** DATA SUPPLIED follows **

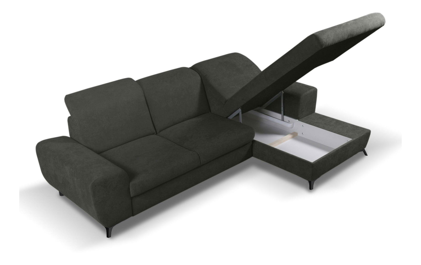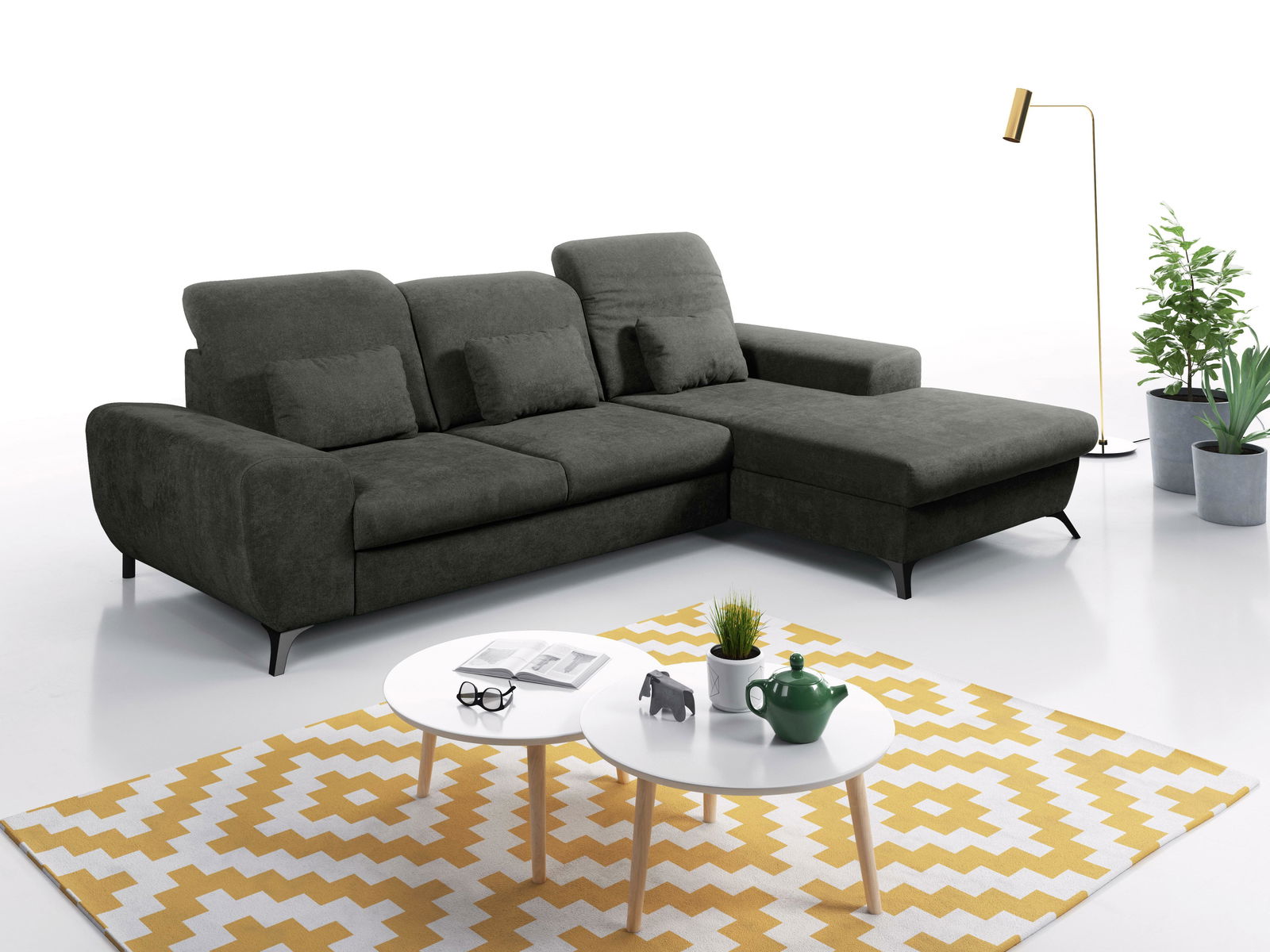 ZobraziťTáto rohová sedačka je dokonalou kombináciou štýlu a funkčnosti. Jej konštrukcia je vyrobená z dreva a drevotriesky, čo zaručuje pevnosť a dlhú životnosť. Sedák je tvorený PUR penou a pružinami, čo poskytuje maximálny komfort pri sedení. Sedačka je rozkladacia, čím ponúka plochu na spanie o rozmeroch 130 x 208 cm, a jej výška sedenia je 42 cm s hĺbkou sedenia 64 cm a výškou podrúčok 55 cm. Disponuje tiež úložným priestorom, ideálnym na uschovanie rôznych predmetov. Chrbát je potiahnutý rovnakou látkou, čo dodáva sedačke elegantný vzhľad zo všetkých strán. Nastaviteľné opierky hlavy pridávajú na pohodlí. Nožičky sú vyrobené z kovu a plastu, čo zabezpečuje stabilitu a moderný dizajn. Tkanina Avra s povrchovou úpravou WATER BLOCKED bráni vstrebávaniu tekutín, čo umožňuje jednoduché odstránenie rozliatej kávy, čaju alebo vína pomocou handričky alebo papierového uteráka. Tkanina má certifikáty „Bezpečné pre dojčatá“, „Bezpečné pre deti“ a „Vhodné pre ľudí“, spĺňa prísne normy výroby pre deti a má certifikát „OEKO-TEX Standard 100“. Odolnosť tkaniny je potvrdená 50 000 cyklami Martindale. Sedačka sa dodáva v dvoch balíkoch.
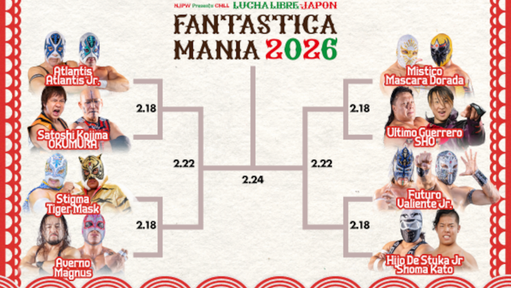 New Japan Pro Wrestling announce the full field of teams and bracket for the Fantasticamania Tag Team tournament at this year’s NJPW x CMLL Fantasticamania 2026 tour, which takes place from February 18-27 in Japan.
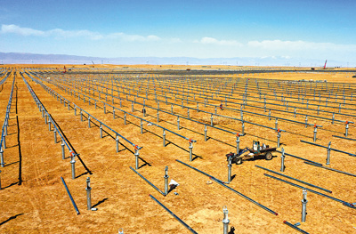 Photo shows the construction site for a photovoltaic power generation park. During the early days after the construction of the park was kicked off, the site was almost entirely just a stretch of wasteland. (Photo/People’s Daily)
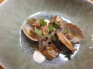 Fuera de carta, pedimos unas hermosas almejas con alcachofas, consomé de jamón y verduras, emulsión de coliflor y de nuevo brotes, estaban ricas, no había comido nunca esta combinación tierra-mar, 16€, nos pusieron un plato a cada uno, éramos dos, con dos ricas y hermosas almejas, como media alcachofa troceada y demás acompañamiento , buen producto , sin duda .
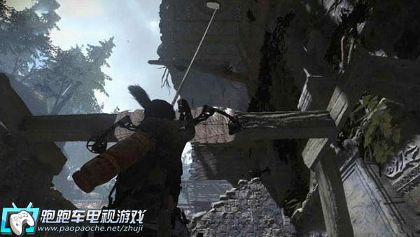 快速返回到小车前面,朝着落下的配重锤射箭,用绳索将它和小车绑到一起。这样,配重锤就悬在中间。
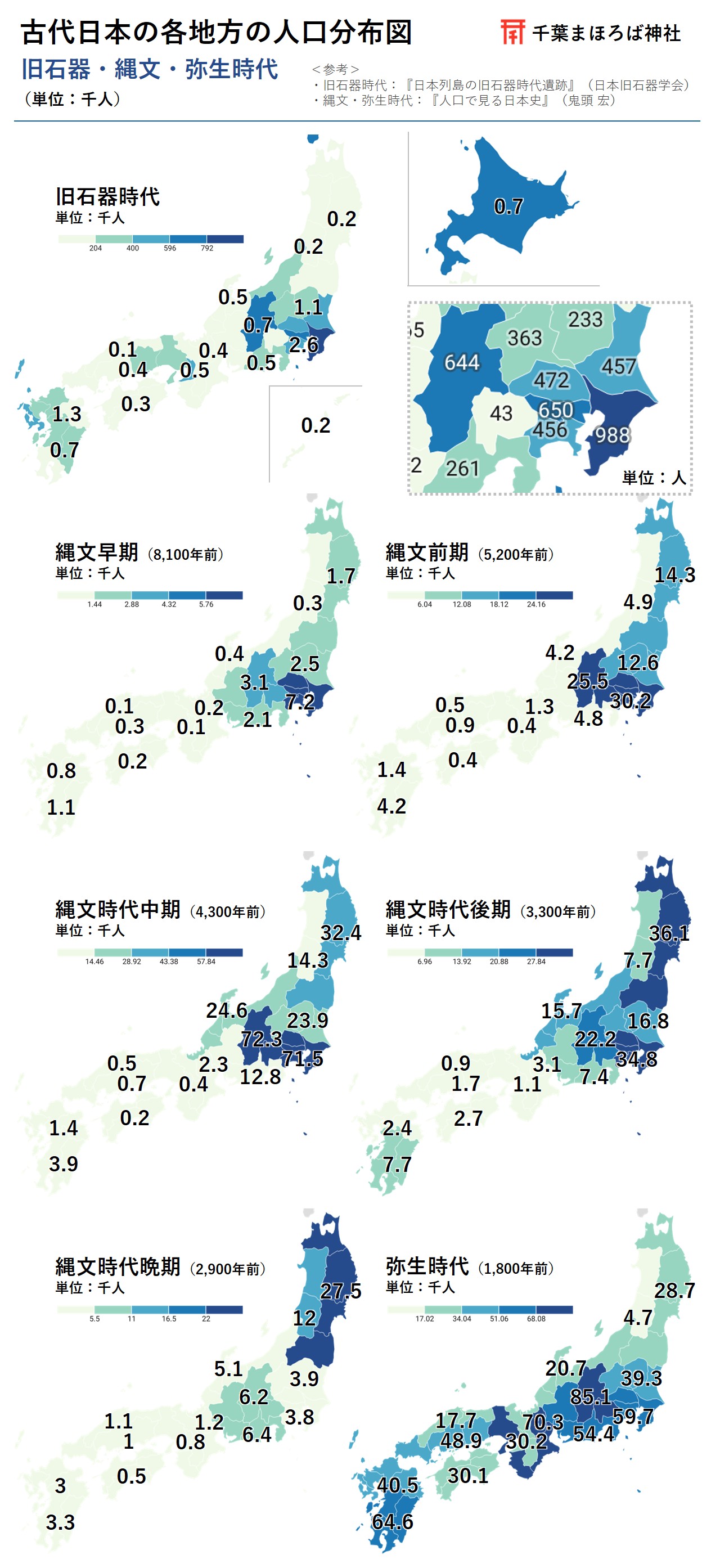 古代日本(旧石器時代・縄文時代・弥生時代)の人口分布
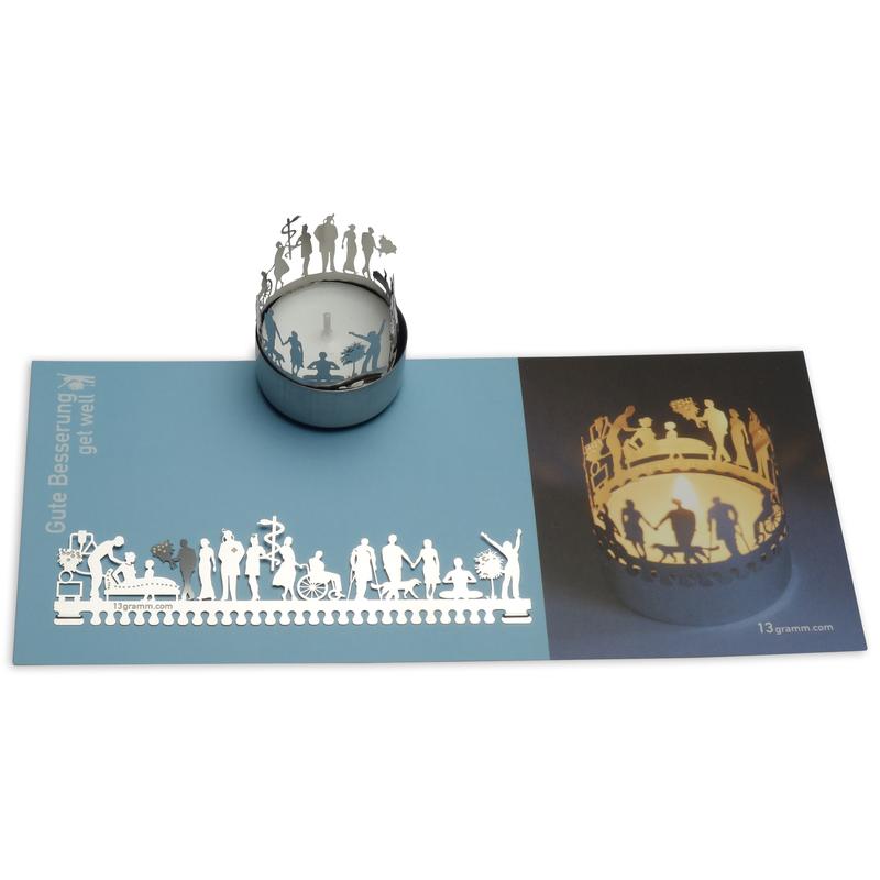 Das 13gramm Gute Besserung Windlicht-Schattenspiel zeigt Ihnen die schönsten Motive rund ums Thema Gute Besserung auf eine Weise, in der Sie Gute Besserung bestimmt noch nie betrachtet haben. Durch das Flackern der Kerze erwacht die Silhouette zum Leben. Ideal zum Verschenken!
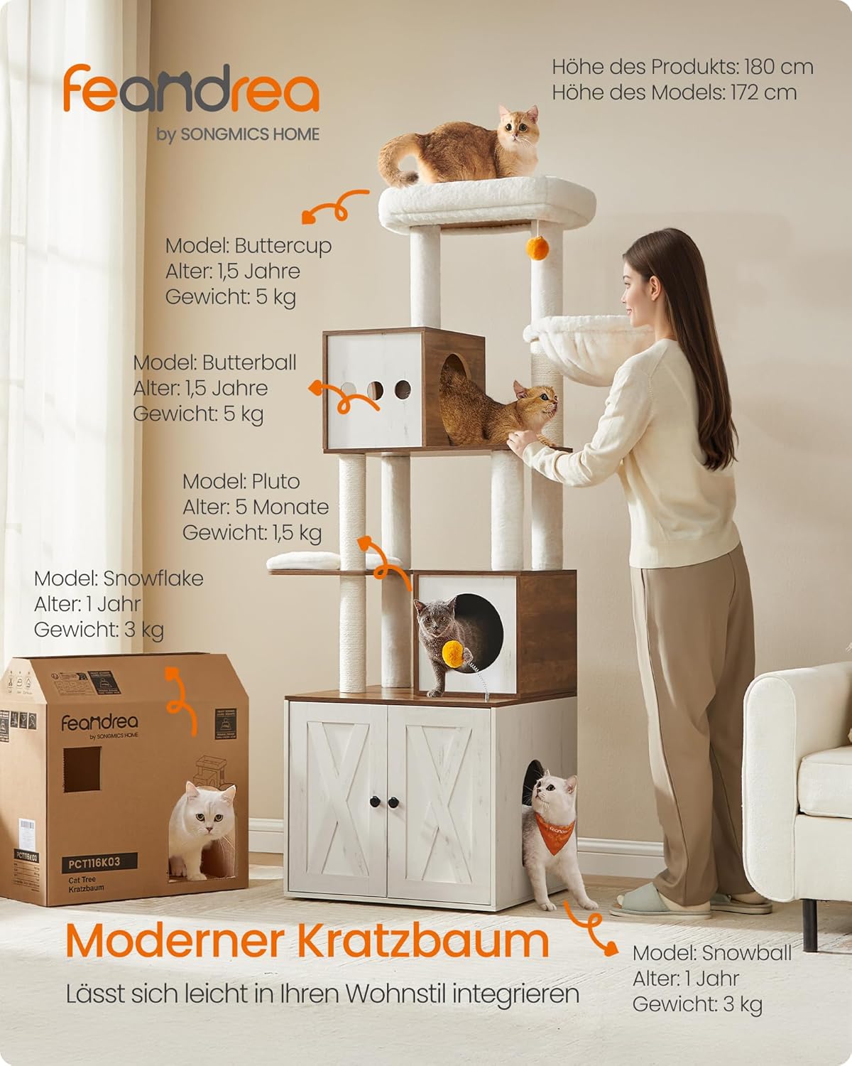 [2 IN 1 CAT HOUSE] Kratzbaum und Katzenkloschrank in einem – dieses Katzenmöbelstück bietet Ihrem pelzigen Freund einen eigenen Raum. Stellen Sie es in eine Ecke, dann ist alles, was Sie brauchen, an einem Ort – ein echter Platzsparer!
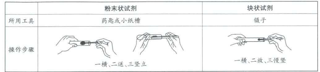 ;试管口稍稍倾斜;倾倒完毕后,瓶口在试管口靠两下(目的:防止洒落
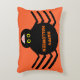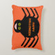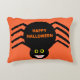 Deze geweldige kussen hebben een zwarte spin met acht harige benen, gele ogen met grote zwarte pupillen en een open mond met hun vingers. Er is oranje tekst die "Happy Halloween" en een overeenkomende oranje achtergrond leest.
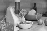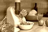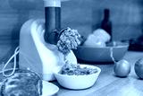 kitchen table with a meat grinder, homemade minced meat, home kitchen interior. Selective focus,
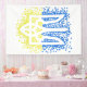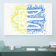 Rasgo tridente de ramo nacional ucraniano de tryzub hecho de muchos corazones dispersos azules y amarillos
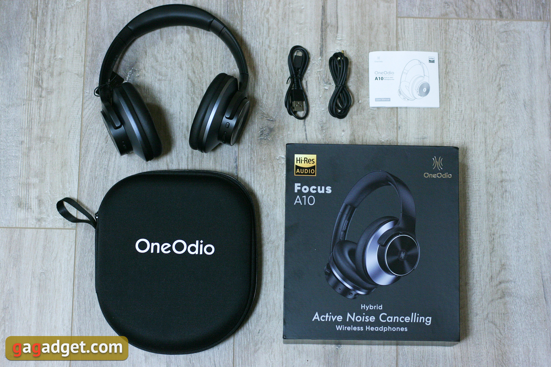 Het pakket van de OneOdio Focus A10 bevat de hoofdtelefoon, een hard zakje met rits om hem in op te bergen, een USB-C naar USB-A kabel voor het opladen, een mini-jack naar mini-jack audiokabel voor bedrade aansluiting en instructies. De doos is overigens behoorlijk respectabel, dik karton, selectieve lak - geen schande, in het algemeen. Het zakje is ook erg handig voor een huishouden, hoewel het stof zich gemakkelijk hecht aan het textieloppervlak.
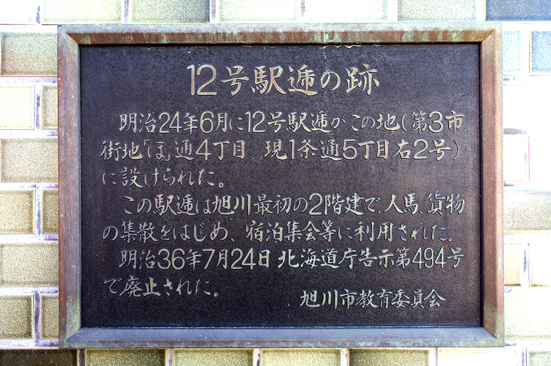 十二号旭川駅逓所跡の碑はなくワークショップ旭川(品田商店)の店舗外壁(自動販売機横)に史跡プレートが固定されてあるだけ。当時の紀行録「北見紀行」では「字小春 永山村の属地にして北見新道の駅所也。石狩川端也。北見新道、則中央道路は小春迄駅伝十一あり、則小春は十一号駅伝たり。当舎の外人戸弐戸あり」となっており実質的な起点が小春(伊香牛)という様子で書かれていて、この頃は旭川駅逓での人馬継立はまだ始まっていなかったようにも受け取れる。明治36年頃は下愛別駅逓所との間に必富官設駅逓所(現・比布町)と渡し場があったというが場所は不詳。旭川駅逓所は明治36年に廃止されている。 設置場所:旭川市1条通5丁目右2号 ワークショップ旭川
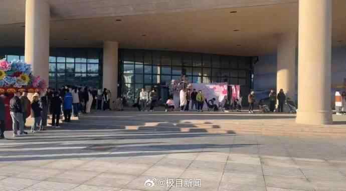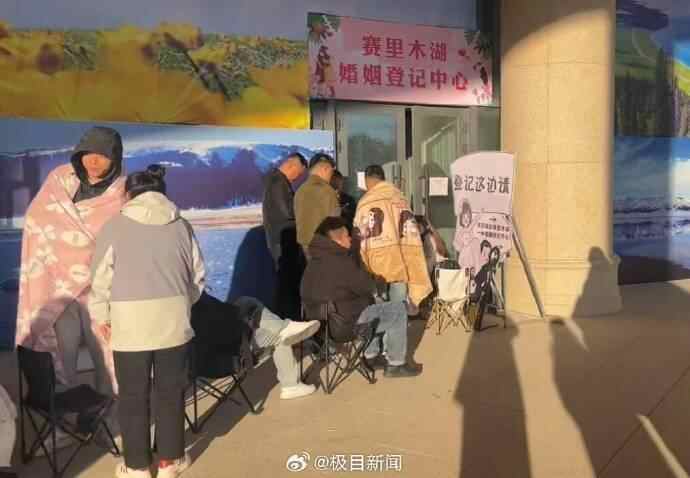 韩女士向记者拍摄的现场视频显示,在登记处有几十对新人正在排队,绵延数十米,由于天气寒冷,很多人不得不披着被子保暖,只为能早点登记。

** End of DATA SUPPLIED **

• **PROBLEM TO WORK ON**: An exact copy of the listing is required; return it without any pictures.

• **RESULT BELOW**:
 ZobraziťTáto rohová sedačka je dokonalou kombináciou štýlu a funkčnosti. Jej konštrukcia je vyrobená z dreva a drevotriesky, čo zaručuje pevnosť a dlhú životnosť. Sedák je tvorený PUR penou a pružinami, čo poskytuje maximálny komfort pri sedení. Sedačka je rozkladacia, čím ponúka plochu na spanie o rozmeroch 130 x 208 cm, a jej výška sedenia je 42 cm s hĺbkou sedenia 64 cm a výškou podrúčok 55 cm. Disponuje tiež úložným priestorom, ideálnym na uschovanie rôznych predmetov. Chrbát je potiahnutý rovnakou látkou, čo dodáva sedačke elegantný vzhľad zo všetkých strán. Nastaviteľné opierky hlavy pridávajú na pohodlí. Nožičky sú vyrobené z kovu a plastu, čo zabezpečuje stabilitu a moderný dizajn. Tkanina Avra s povrchovou úpravou WATER BLOCKED bráni vstrebávaniu tekutín, čo umožňuje jednoduché odstránenie rozliatej kávy, čaju alebo vína pomocou handričky alebo papierového uteráka. Tkanina má certifikáty „Bezpečné pre dojčatá“, „Bezpečné pre deti“ a „Vhodné pre ľudí“, spĺňa prísne normy výroby pre deti a má certifikát „OEKO-TEX Standard 100“. Odolnosť tkaniny je potvrdená 50 000 cyklami Martindale. Sedačka sa dodáva v dvoch balíkoch.
 New Japan Pro Wrestling announce the full field of teams and bracket for the Fantasticamania Tag Team tournament at this year’s NJPW x CMLL Fantasticamania 2026 tour, which takes place from February 18-27 in Japan.
 Photo shows the construction site for a photovoltaic power generation park. During the early days after the construction of the park was kicked off, the site was almost entirely just a stretch of wasteland. (Photo/People’s Daily)
 Fuera de carta, pedimos unas hermosas almejas con alcachofas, consomé de jamón y verduras, emulsión de coliflor y de nuevo brotes, estaban ricas, no había comido nunca esta combinación tierra-mar, 16€, nos pusieron un plato a cada uno, éramos dos, con dos ricas y hermosas almejas, como media alcachofa troceada y demás acompañamiento , buen producto , sin duda .
 快速返回到小车前面,朝着落下的配重锤射箭,用绳索将它和小车绑到一起。这样,配重锤就悬在中间。
 古代日本(旧石器時代・縄文時代・弥生時代)の人口分布
 Das 13gramm Gute Besserung Windlicht-Schattenspiel zeigt Ihnen die schönsten Motive rund ums Thema Gute Besserung auf eine Weise, in der Sie Gute Besserung bestimmt noch nie betrachtet haben. Durch das Flackern der Kerze erwacht die Silhouette zum Leben. Ideal zum Verschenken!
 [2 IN 1 CAT HOUSE] Kratzbaum und Katzenkloschrank in einem – dieses Katzenmöbelstück bietet Ihrem pelzigen Freund einen eigenen Raum. Stellen Sie es in eine Ecke, dann ist alles, was Sie brauchen, an einem Ort – ein echter Platzsparer!
 ;试管口稍稍倾斜;倾倒完毕后,瓶口在试管口靠两下(目的:防止洒落
 Deze geweldige kussen hebben een zwarte spin met acht harige benen, gele ogen met grote zwarte pupillen en een open mond met hun vingers. Er is oranje tekst die "Happy Halloween" en een overeenkomende oranje achtergrond leest.
 kitchen table with a meat grinder, homemade minced meat, home kitchen interior. Selective focus,
 Rasgo tridente de ramo nacional ucraniano de tryzub hecho de muchos corazones dispersos azules y amarillos
 Het pakket van de OneOdio Focus A10 bevat de hoofdtelefoon, een hard zakje met rits om hem in op te bergen, een USB-C naar USB-A kabel voor het opladen, een mini-jack naar mini-jack audiokabel voor bedrade aansluiting en instructies. De doos is overigens behoorlijk respectabel, dik karton, selectieve lak - geen schande, in het algemeen. Het zakje is ook erg handig voor een huishouden, hoewel het stof zich gemakkelijk hecht aan het textieloppervlak.
 十二号旭川駅逓所跡の碑はなくワークショップ旭川(品田商店)の店舗外壁(自動販売機横)に史跡プレートが固定されてあるだけ。当時の紀行録「北見紀行」では「字小春 永山村の属地にして北見新道の駅所也。石狩川端也。北見新道、則中央道路は小春迄駅伝十一あり、則小春は十一号駅伝たり。当舎の外人戸弐戸あり」となっており実質的な起点が小春(伊香牛)という様子で書かれていて、この頃は旭川駅逓での人馬継立はまだ始まっていなかったようにも受け取れる。明治36年頃は下愛別駅逓所との間に必富官設駅逓所(現・比布町)と渡し場があったというが場所は不詳。旭川駅逓所は明治36年に廃止されている。 設置場所:旭川市1条通5丁目右2号 ワークショップ旭川
 韩女士向记者拍摄的现场视频显示,在登记处有几十对新人正在排队,绵延数十米,由于天气寒冷,很多人不得不披着被子保暖,只为能早点登记。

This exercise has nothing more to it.